Video CD & MPEG

buzert wrote on 8/23/2001, 4:42 PM
I want my final project to be a video cd.When i use vagas video to edit i can save file as mpeg vcd but the video is blocky not very good rendering.It renders at 1123kbs kinda low so i try to move it to 1856kbs (the only other choice it gives)it renders but when i play file on computer it freezes sound goes but vid stops or jumps. Iv got a p3 933 with 512meg of ram so speed not it. I have done mpeg as hight as 2.5meg & works fine using a program called TMPEG.So you ask why not use that well once i got my editing all done i must save as somthing and all avi compresers that vages suports SUCK.So if i go uncompressed avi then 2.5min of vid is 1.4gigs. Also i am able to catch my vid as mpeg but have you tryed to edit mpeg with vages its jumpy & very hard to work with.

Comments

Cheesehole wrote on 8/27/2001, 8:04 PM
I've accepted that there will always be a compromise in quality when using the 'included' compressors in Vegas, but the MPEG compressor that comes with Vegas is too high of a compromise in my opinion. It is really poor. Many people won't use the MPEG feature of Vegas so I think the solution is to have a fully featured ADD-ON mpeg compressor with ALL the features and quality of TMPGEnc (which is free by the way...)
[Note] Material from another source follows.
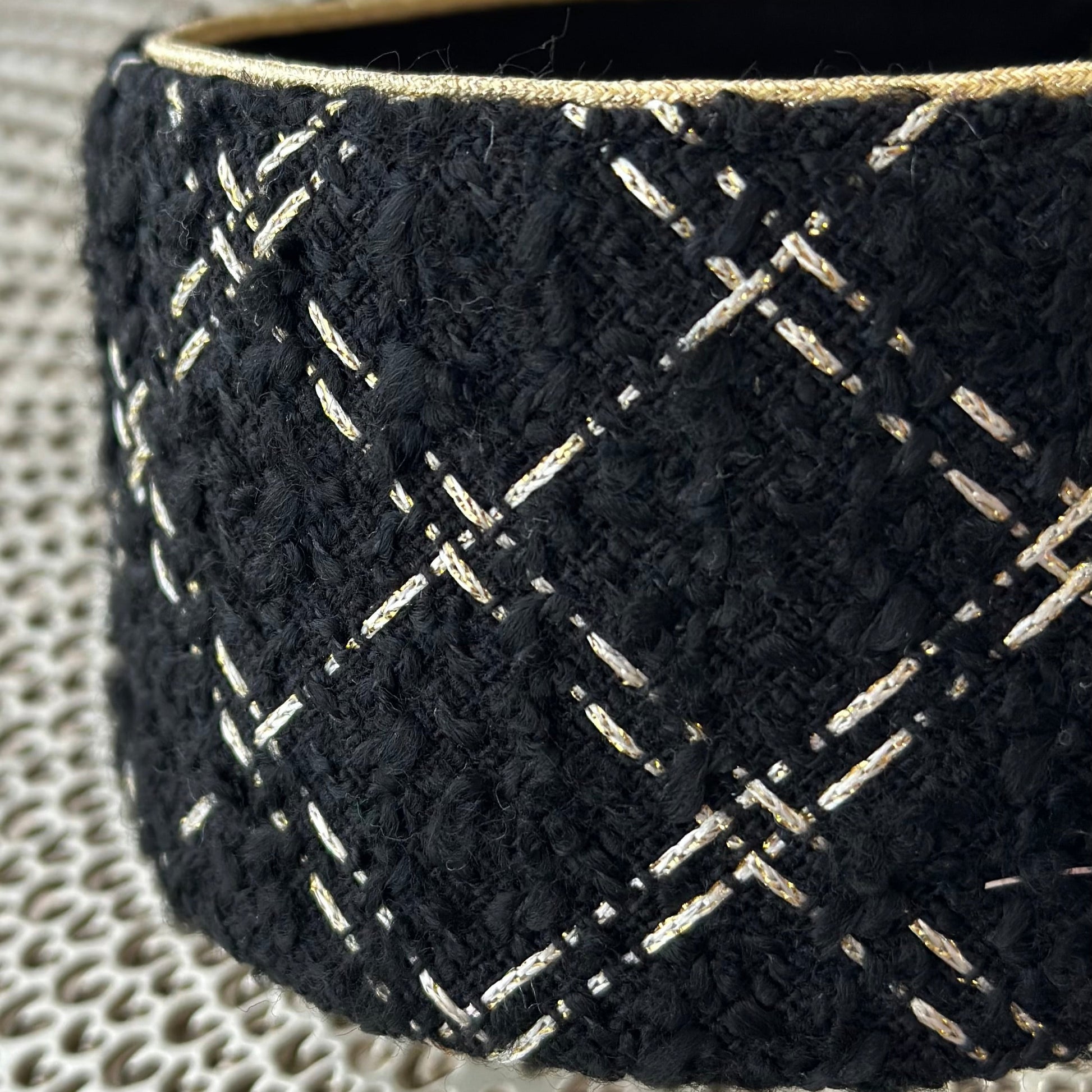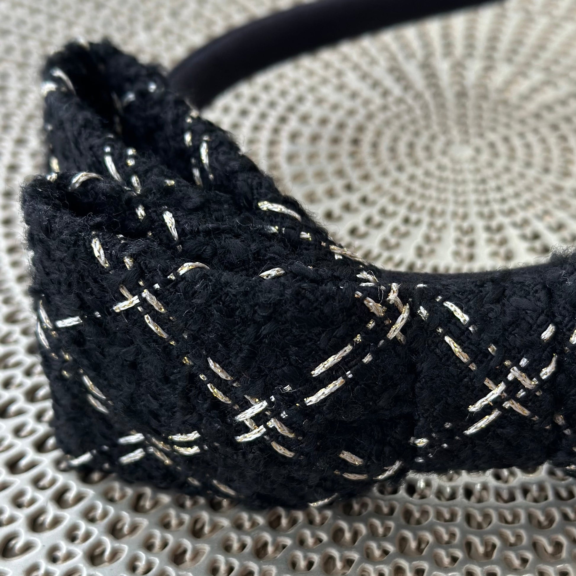 漆黒のツイード生地に繊細に施されたシャンパンゴールドのステッチ、同色のパイピングが上品な輝きを放ちます。クラシックでありながら現代的、大胆でありながら繊細という対照的な美学が見事に融合したこのカチューシャは、どんなスタイリングにも調和し、装う人の個性を引き立てます。
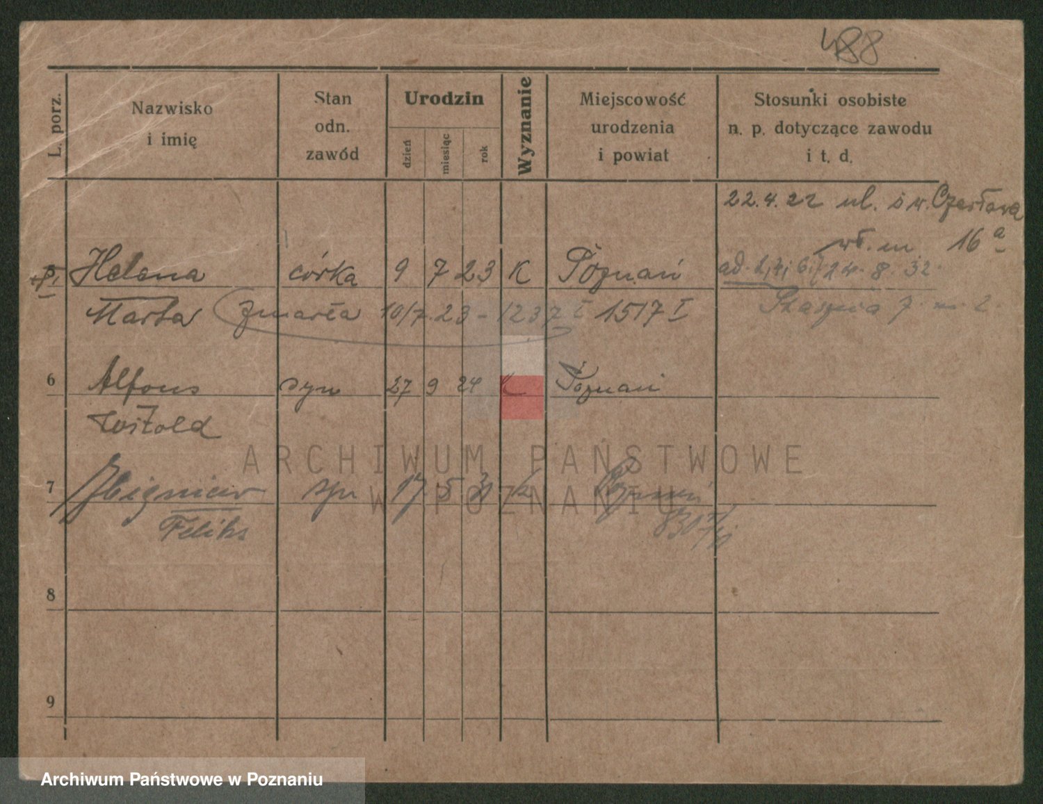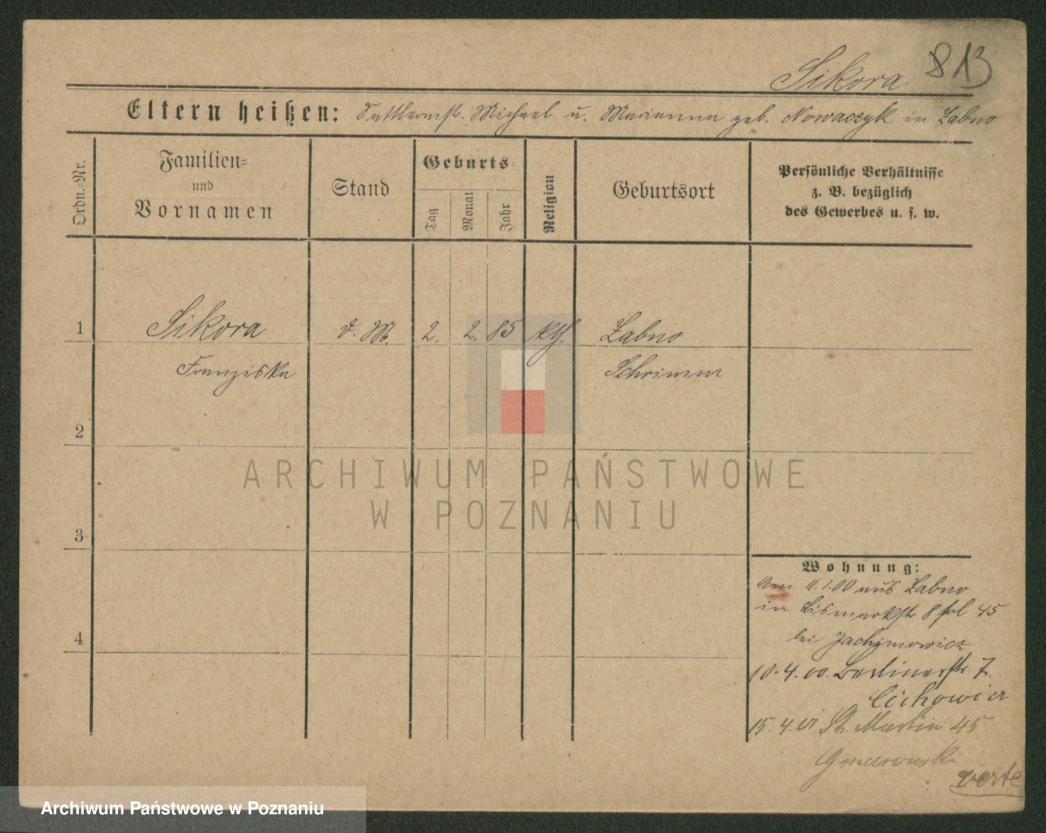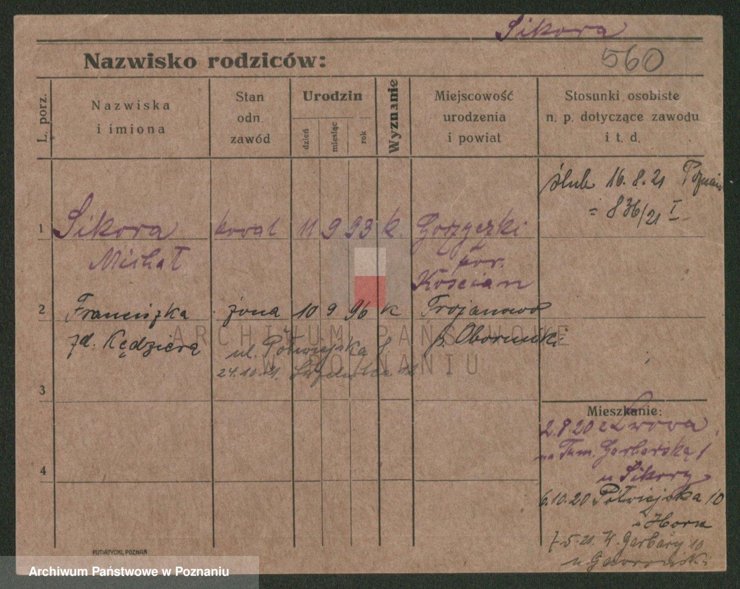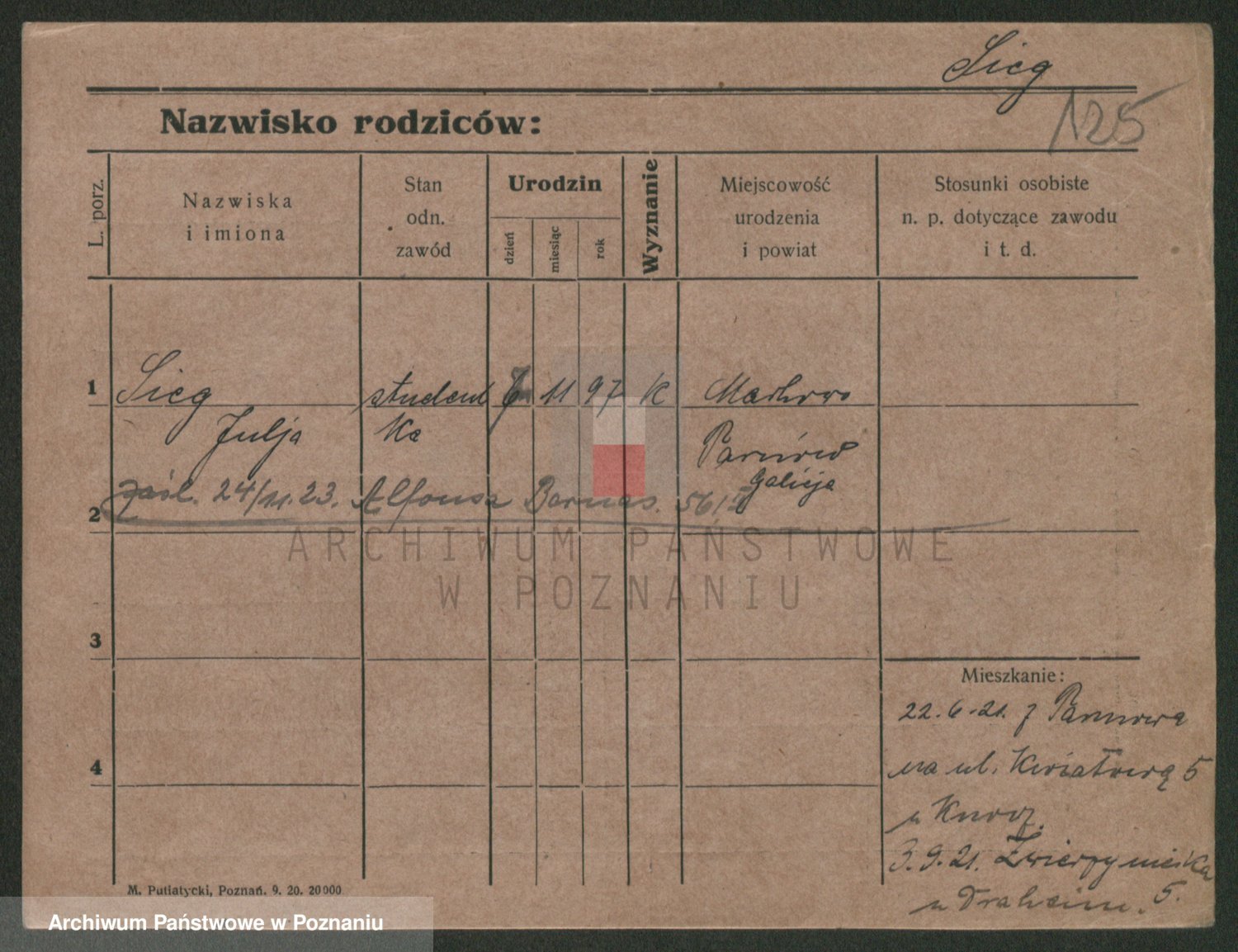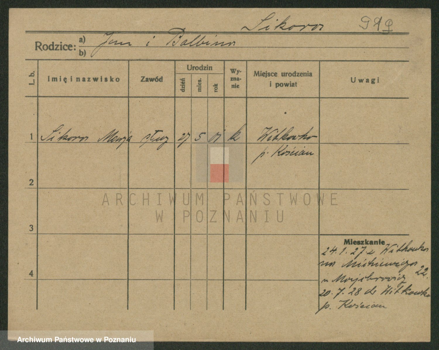 Podgląd karty osobowej dostępny jest po kliknięciu na nazwisko lub ikonkę karty. Można dokonywać powiększenia (ikony na górze) lub przechodzić między kolejnymi skanami (strzałki po bokach).

I'd pay for that. Now that DVD burners are so cheap, MPEG-2 is much more important and Vegas would kick ass if it could integrate some specialized MPEG features into the timeline... like frame level markers representing forced I-frames.

To answer the question, rendering to DV is a good way to get footage out of Vegas and ready for re-compression by a good MPEG compressor like TMPGEnc.